Some months ago, I came home to find a yellow flap of paper attached to the door outside my apartment. “Grimm will be filming in your area!” said the paper, and proceeded to announce that a portion of Mississippi would be blocked off by the show’s crew for a day. For a while, the crew’s port-o-potties were directly outside my apartment building, and I’d been waiting with the most tepid of anticipation to see the episode that apparently was important enough to shut down traffic on my street.

A good hunk of last night’s episode took place in the Rebuilding Center (referred to as “Marty’s Junk Shop” in the show), which is a block away from where I live. As boilerplate as some of it was, I have to admit that it was a lot of fun watching an hour of network television that took place in a highly recognizable business a mere block away from where I live. The St. Johns Bridge also featured prominently, for the second time in the series (there was also quite a lot of it in episode five). I can’t really blame the show’s creators for using it twice in quick succession. It’s huge, it’s beautiful, and it’s highly distinctive. I would not begrudge them continued shots of that given piece of engineering.

After the jump: Murder mice! Snake men! Ambushes! Mediocrity!

Welcome to the Rebuilding Center! I will fucking end you.
  • Welcome to the Rebuilding Center! I will fucking end you.

Last night’s episode had three plot threads, and, rather frustratingly, the A story was the weakest one. Nick and Hank were called to investigate a murder, and they found out that the dead guy was a total douchebag whom lots of people hated. This is a really tired trope in mysteries- it allows the viewer to feel unsad about the deceased, and immediately allows for multiple suspects. The cops follow up, and start looking into who might have offed the dude.

Was it his girlfriend whom he abused? Was it the asshole lawyer neighbor guy who, for some reason, is a snake man? Was it the small, nebbish mousy fellow who also is an actual mouse creature and whom you would never suspect, not in a million years, because he’s such a sad-sack loser? Who do you think it was?

If you guessed “the mouse guy whom no one would ever suspect,” congratulations, you’re not a fucking idiot. Through the course of the episode, Murder Mouse offs two other people- he kills an asshole mechanic with a tire iron, and the douchebag lawyer snake man. Because that's what happens when losers get uppity- murder. Squishy, nasty, tire-iron based murder.

One of the elements of the episode that didn’t work at all Murder Mouse seeing his dead father’s face on everyone, implying that his killing spree was some combination of gaining independence and working out his daddy issues. It was just clunky, though. Grimm trying to portray the world as seen by an unhinged psycho was painful, awkward, and way above the show's pay grade.

The B story finally gave Nick’s girlfriend Juliet something to do. It wasn’t much, but up to this point Juliet has been about as interesting as a bag of plastic white spoons. She’s been a “character” only insofar as she’s contributed to Nick’s storyline, such as it is.
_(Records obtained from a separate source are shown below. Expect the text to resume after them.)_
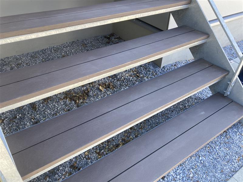 - 樹脂ウッドデッキの根太材料は、天然木のハードウッド・樹脂根太・アルミ・鋼製根太などをご利用ください。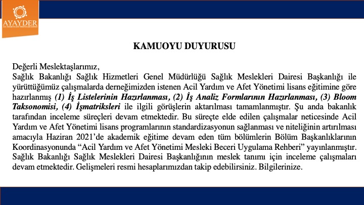 Değerli meslektaşlarımız, Sağlık Bakanlığı Sağlık Hizmetleri Genel Müdürlüğü Sağlık meslekleri Dairesi Başkanlığı ile yürüttüğümüz çalışmalarda derneğimizden istenen Acil Yardım ve Afet Yönetimi lisans eğitimine göre hazırlanmış (1) İş Lİstelerinin Hazırlanması, (2) İş Analiz Formlarının Hazırlanması, (3) Bloom Taksonomisi, (4) İş Matriksleri ile ilgili görüşlerin aktarılması tamamlanmıştır. Şu anda bakanlık tarafından inceleme süreçleri devam etmektedir. Bu süreçte elde edilen çalışmalar neticesinde Acil Yardım ve Afet Yönetimi lisans programlarının standardizasyonun sağlanması ve niteliğinin arttırılması amacıyla Haziran 2021'de akademik eğitime devam eden tüm bölümlerin Bölüm Başkanlıklarının Koordinasyonunda "Acil Yardım ve Afet Yönetimi Mesleki Beceri Uygulama Rehberi" yayınlanmıştır. Sağlık Bakanlığı Sağlık Meslekleri Dairesi Başkanlığının meslek tanımı için inceleme çalışmaları devam etmektedir. Gelişmeleri resmi hesabımızdan takip edebilirsiniz. Bilgilerinize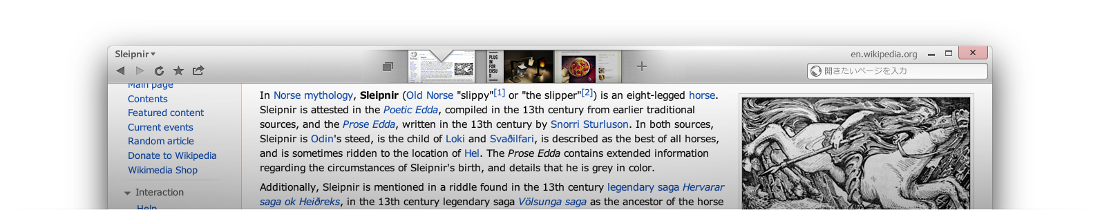 ウィキペディアや Amazon など、様々なウェブサイト上にある検索フィールドを Sleipnir に追加できます。

It’s also frustrating that the only female member of the regular cast is also the most utterly boring and underused. With the exception of Nick’s aunt in the first two episodes, Grimm has been pretty much a gigantic sausage fest. Last night, Juliet finally, kinda-sorta got to do something. She noticed that people in a truck were watching her house. For those paying attention (and I'm guessing that that audience entirely consists of me, myself, and I) the truck was the same one from episode six, where a bunch of nervous beasties spied on Nick. Nick ran the plates. Juliet investigated a little, and found a house where people were afraid of her, probably because they were beasties and they thought she was a Grimm. Then she didn’t do anything, and resumed her usual state of being an utterly uninteresting non-character, devoid of any substance, life, or dimension.

Story C was far and away the most entertaining because it had Monroe in it. Monroe got called out to what he thought was a clock repair job, and but turned out to be an ambush. A bunch of fairy tale beasties beat the snot out of him, presumably for collaborating with a Grimm. Monroe, though, called up Nick and said that he’s determined to collaborate and fight baddies, despite any ass-kickings that they might endure. Monroe is no longer a reluctant sidekick, and there were implications of a larger world of pissed-off fantasy creatures out there. Character development and world building! Why did that have to take a backseat to a shitty main plot. You tease, Grimm. You tease.

Anyway, congrats to the lovely and amazing Rebuilding Center for their televisionary fame! That place is great. The next episode of Grimm is slated for February third. As always, I shall watch it so you don’t have to.